Under a new management team, Chipotle successfully attempted to reclaim its fresh-and-healthy credibility. A campaign called “For Real” emphasized fresh ingredients with the tagline, “The only ingredient that’s hard to pronounce at Chipotle is “Chipotle.’” In a campaign called “Behind the Foil,” employees narrated a transparent look at food processing.
These developments have helped Chipotle achieve a high score in being seen by consumers as desirable, adventurous, rebellious and, ultimately, different. Difference is a component of a BrandZ™ measurement of brand equity. It influences a brand’s ability to command a premium price. Chipotle scores 131 in Difference compared with an average score of 100.
Growth in China
Digitization in restaurants and retail is most advanced in China. That presents an advantage for KFC, Pizza Hut, and Taco Bell, which have a major presence in China under the leadership of Yum! China, a spinoff from Yum! Brands. These brands together operate around 8,400 restaurants in 1,200 Chinese cities, and transactions usually happen with mobile apps and without cash.
Using artificial intelligence, the brands intend to personalize menu options and increase revenue. Menus typically include a combination of Western and Chinese options. To share best practices across its brands, Yum! China opened an innovation center in Shanghai. The center should also help the Yum! brands keep their edge in China’s increasingly competitive market. The first Western restaurant to expand rapidly in China, KFC entered the market in 1987.
Burger King recently opened its China location No. 1,000, in Shanghai, with plans for another 1,000 restaurants in China within three years. Its sister chain, Tim Hortons, also owned by Restaurant Brands International, opened a restaurant in Shanghai, too, the first of 1,500 locations the coffee shop chain plans to open in China over the next decade.
Starbucks, operates around 3,300 stores in China, having opened its first Chinese store 20 years ago. Recently, however, it has encountered strong competition from the Chinese brand Luckin’ Coffee, which focuses on delivery and convenience more than on customer experience, a core Starbucks strength. Starbucks has expanded delivery through a partnership with Alibaba.
Brand Building Best Practices
- Adopt a hospitality mentality
Know the customer and what he or she wants. Not everyone is after speed. Not everyone is after convenience. Given the tools, people will signal how they want to be treated. Customers do not visit fast food restaurants expecting a fine dining experience. But personal attention and respect is always welcomed. The basics of the hospitality business are the same for all customers at all price points.
- Think outside the box
The simple box-like fast food restaurants of the 1950s are a quaint reminder of what seemed modern and convenient to mid-century, post war consumers. When the first McDonald’s opened almost 65 years ago, its consistency of food and experience seemed miraculous. Customers today are less impressionable. They want it their way. And not just the topping on their burger. They want everything their way: what they order, how they order it, and where it is delivered. And if the food is supposed to be hot, it better be. Take inspiration from the past. Take orders from the customer.
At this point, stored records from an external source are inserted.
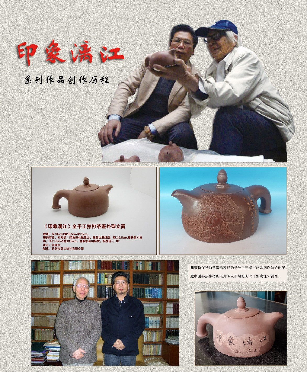 谢荣松陶艺编号:007印象漓江系列产品专利,由导师曹崇恩教授,原中国书法家协会副会长、中山大学陈永正教授,中国民族艺术研究院 研究员、中国高级工艺美术师谢荣松三人合作陶艺作品,作品特点是铲底三面立体浮雕、单刀书法的壶作品。
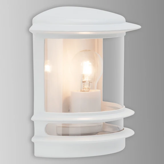 Външна стенна лампа Hollywood осигурява ярко красива светлина Тази красива външна стенна лампа отговаря на името си: осветителното тяло, изработено от боядисан лят под налягане алуминий, има почти бляскав дизайн с корпус, който предпазва пластмасовото тяло на осветителното тяло, в което се вижда източникът на светлина. Крушката излъчва ярка светлина, като гарантира, че входната зона на къщата, например, се къпе в атмосферно осветление - оборудвано със степен на защита IP44
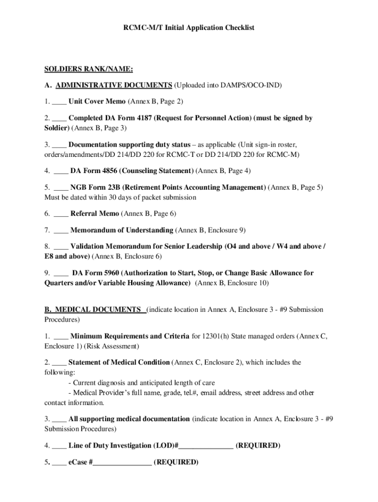 The RCMC-M/T Initial Application Checklist serves as a critical tool for soldiers seeking managed care within the military healthcare system. This essential form facilitates the submission of necessary medical documentation and administrative paperwork. Required documents include the DA Form 4187 and the DA Form 4856, which play pivotal roles in the application process.
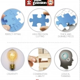 Svaka slagalica ima 500 dijelova i nakon slaganja doseže dimenzije cca 34 × 48 cm. Precizna izrada dijelova jamči točno spajanje, živopisne boje i izdržljiv materijal za ponovno slaganje.
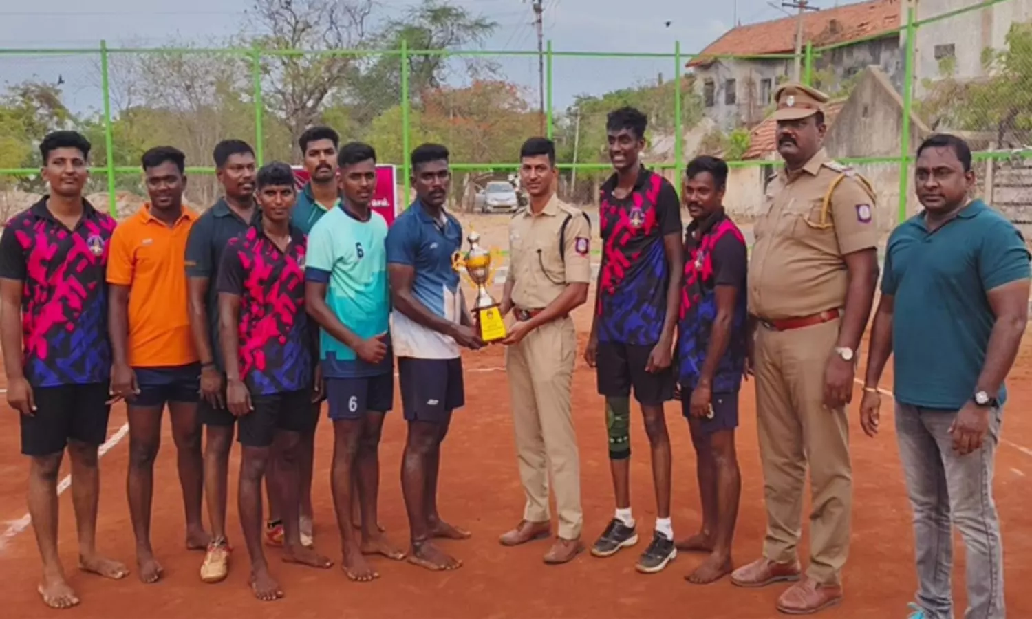 காவலர் தினம்: வாலிபால் போட்டியில் வெற்றி பெற்ற அணிக்கு கேடயம்- ஏ.எஸ்.பி. வழங்கினார்

- Find inspiration worldwide
Examples of industry best practices probably will not be found in the competition across the street—unless the street is in Shanghai or another major Chinese city where there is a convergence of consumers looking for the newest thing and digital technology and data able to supply it. The menu items, speed of preparation and delivery, and cashless checkout, even with facial recognition, may not be applicable to all markets, but China is a laboratory where fast food is being reinvented.